Faraday's ice pail experiment is a simple electrostatic experiment, that explains the charge distribution of a conductor.
Faraday's ice pail experiment gives two conclusions.
A neutral metal ice pail is placed on a neutral gold leaf electroscope. Since both the ice pail and the electroscope are neutral, the two gold leaves do not show any divergence.
A conducting sphere tied with an insulating string is inserted into the ice pail in a way that does not touch the ice pail. At this stage, the two gold leaves show a divergence. If a positively charged sphere is inserted into the ice pail, negative charges in both the ice pail and the electroscope gather to the inner side of the ice pail.
A high amount of positive charges remain in the outside of the ice pail and gold leaves. Therefore, the ice pail can be seen as a positively charged object from the outside.
The conductive sphere moves around so that it doesn't touch the ice pail. Finally, the sphere is touched by the ice pail. Even after the metal sphere touches the ice pail, the angle between the two gold leaves remains the same. When touching the ice pail, the metal sphere is neutralized.
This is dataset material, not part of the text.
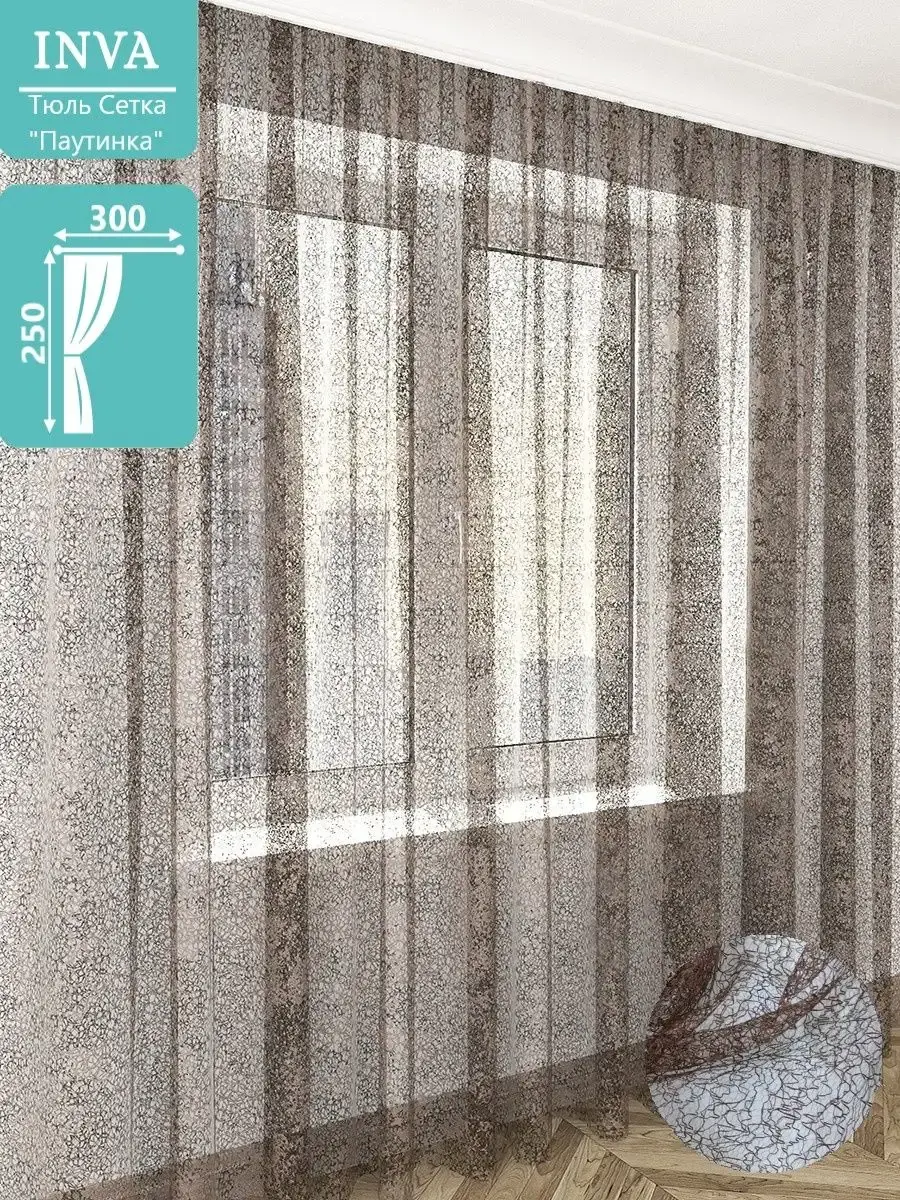 Тюль сетка Паутинка 1 шт полупрозрачная, с нежным узором идеально подойдет для оформления интерьера в любой комнате, высота 250 см ширина 300 см, необыкновенно воздушная, легкая и красивая, будет стильным декором для комнат в вашем доме. Декоративная однотонная тюлевая штора Паутинка 250*300 будет отличным аксессуаром для гостиной, для спальни, для кухни и в детскую комнату или в качестве декора в беседке в саду. Она выполнена из качественного полотна из Турции, ее состав это 100 процентный полиэстер. Придает уют и понравится и взрослым, и детям. В комплекте имеется крепление к карнизу для крючков или штанги. Сетка из синтетической ткани 250 300 сочетается как с портьерами, аксессуарами, с короткими и длинными нитяными, рулонными шторами, гардинами, канвас, лен, мрамор, рогожка, комплект шторы блэкаут blackout. Зановески с сеткой в виде паутинки представлены в разных цветах и подойдут в дом, квартиру, для дачи и на балкон. Тюль занавеска подходит для потолочного карниза шириной до 300 сантиметров а так же для карниза со штангой с диаметром до 20 мм. К шторе пришита шторная прозрачная лента шириной 6см, которая легко стягивается на четыре кордовые нити и создает аккуратные складки в форме "бабочки". Обязательно проверьте нити в шторной ленте, они должны быть надежно завязаны с одного края. Мягкая, легкая туль с элегантными складками, идеально вписывается в интерьер. Вуаль хорошо пропускает свет, устойчива к воздействию прямых солнечных лучей. В составе ткани полиэфирное волокно, что делает изделие практичным и устойчивым к большому количеству стирок. Уход: стирка при 40 градусах, деликатный отжим, отбеливание запрещено.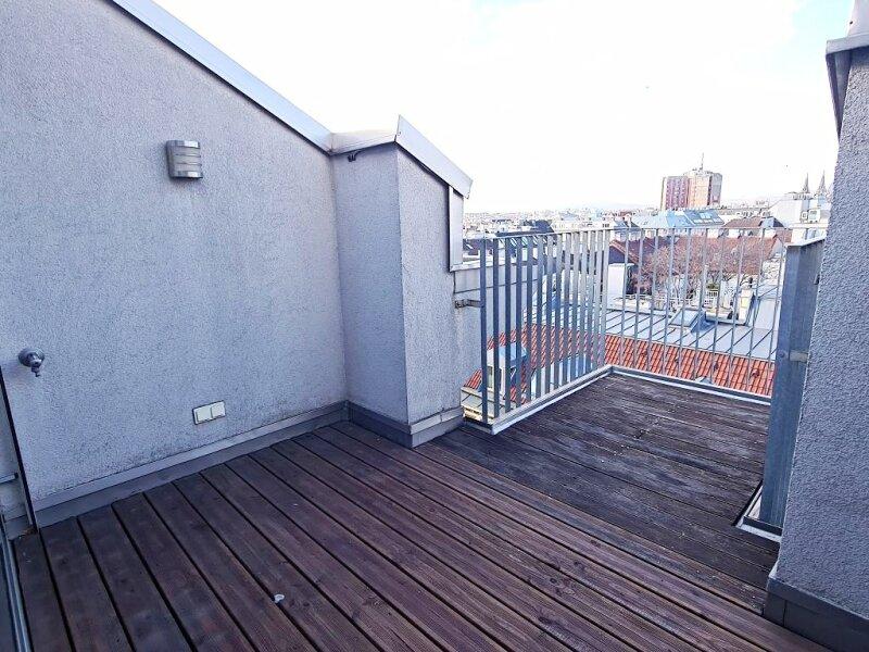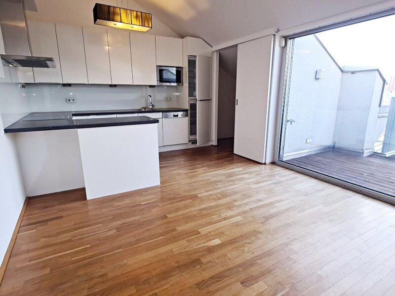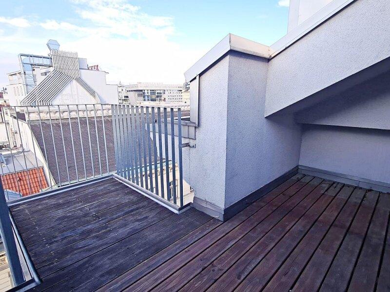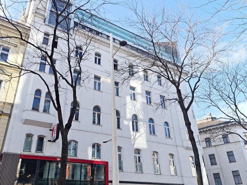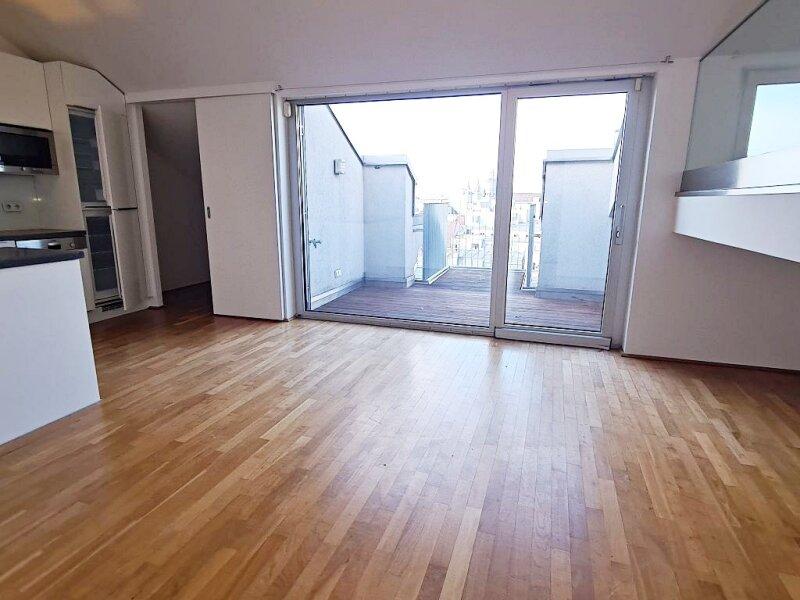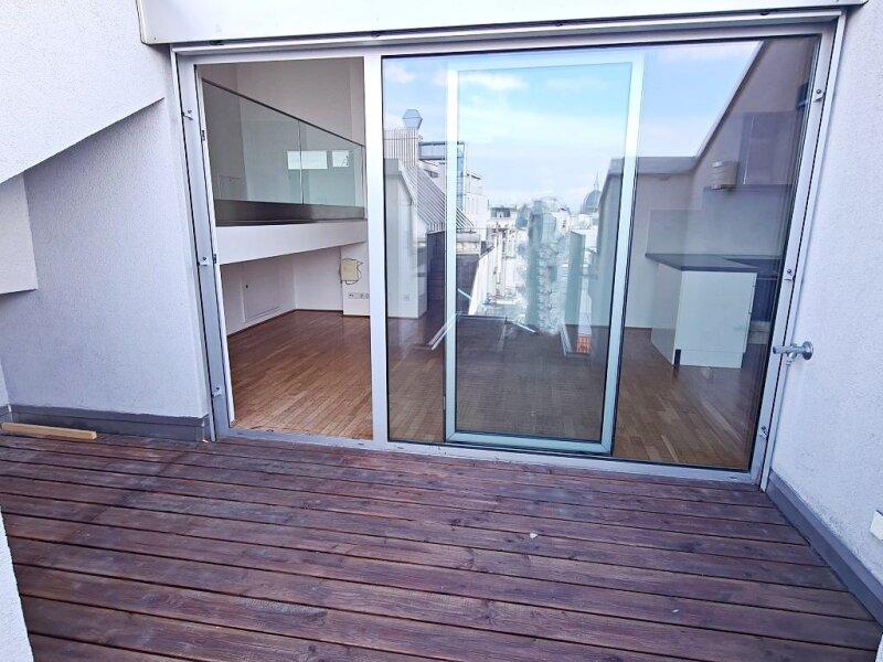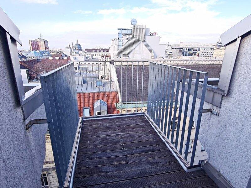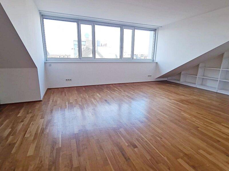 FUZO Mariahilfer Straße, 104 m2 Dachgeschoß mit 28 m2 Freifläche, 2 Zimmer, Wohnküche, Wannenbad, Parketten, Klimaanlage, Stumpergasse - Objektnr. 5646877

The metal sphere is taken away. We can check whether the metal sphere is neutral, using another gold leaf electroscope. Even after the metal sphere is removed, the electroscope shows the same angle as before. This is because the charges gathered outside the ice pail.
When the metal sphere touched the ice pail, the sphere was neutralized. The angle between the two gold leaves does not change. So, we can conclude that the charges inside the ice pail are exactly enough to neutralize the sphere.
These charges, initially, are induced because of the charge of the metal sphere. Therefore, it can be concluded that the magnitude of the inductive charge is equal to the magnitude of the induced charge.
Even after the metal sphere is removed, the gold leaves show the same angle as before. This is because the charges gathered on the outside of the ice pail. Therefore, it can be concluded that charges exist only on the outer surface of a conductor.